The first time I got sick after he bought it, Dan encouraged me to go to bed in my thick sweats and socks and turn the bed heater on. I did – I couldn't feel the heater at all. He didn't believe me until he did the hand-against-bare-skin test again and discovered that my skin still felt positively refrigerated. The thick clothes kept the heat from getting through. This made no sense to Dan – for him, staying warm is about holding body heat in. For me, it's about getting outside heat. With the sweats on, I needed the heater at a 9 before I could feel anything. With bare legs, a 2 or 3 felt toasty.

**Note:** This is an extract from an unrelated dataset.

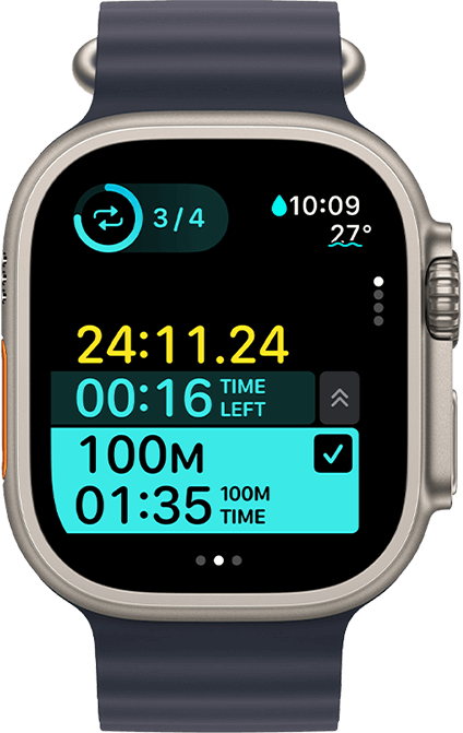„Apple Watch Ultra 2“ yra atsparus vandeniui iki 100 m gylyje pagal ISO standartą 22810:2010. Su šiuo laikrodžiu galima pramogauti nardant iki 40 m gylyje (naudojant suderinamą trečiosios šalies programą iš „App Store“) ir užsiimti didelio greičio vandens sportu. Su „Apple Watch Ultra 2“ nepatariama nardyti didesniame nei 40 m gylyje. Atsparumas vandeniui nėra neribotas ir gali mažėti laikui bėgant. Daugiau informacijos rasi: support.apple.com/en-us/HT205000.

Even better, I bought a new comforter that's so warm I rarely need the bed heater. When I was a kid, we had quilts that were cotton exterior and cotton batting – those things weighed a ton. I loved them. We also had down and feather mix filled quilts that were so heavy and warm. Our sleeping bags were canvas with cotton batting and flannel lining. Newfangled nylon things with polyester fluff just never felt as warm, until I got this comforter. Back in the day, we called this filling "polyester fiberfill," but my new comforter touts it as, "hypoallergenic down alternative." Well, la-di-dah. Still, it's so warm that I occasionally overheat and have to peel it back.

I sense signs that I will feel human again soon. I did some laundry – yay! – and minor straightening. Then I had a nap. Naps are magic.

So, we're in for a ride, illness and me, but one day it will be forced to give up and go away. Until then I will commune with my non allergenic comforter and my orange juice. Good night.

1 comment:

  1. This bronchitis really is a butt-kicker! I was useless for 2 weeks and I'm still not feeling 100%.

    Is it crazy that I always read your quotes in your voice?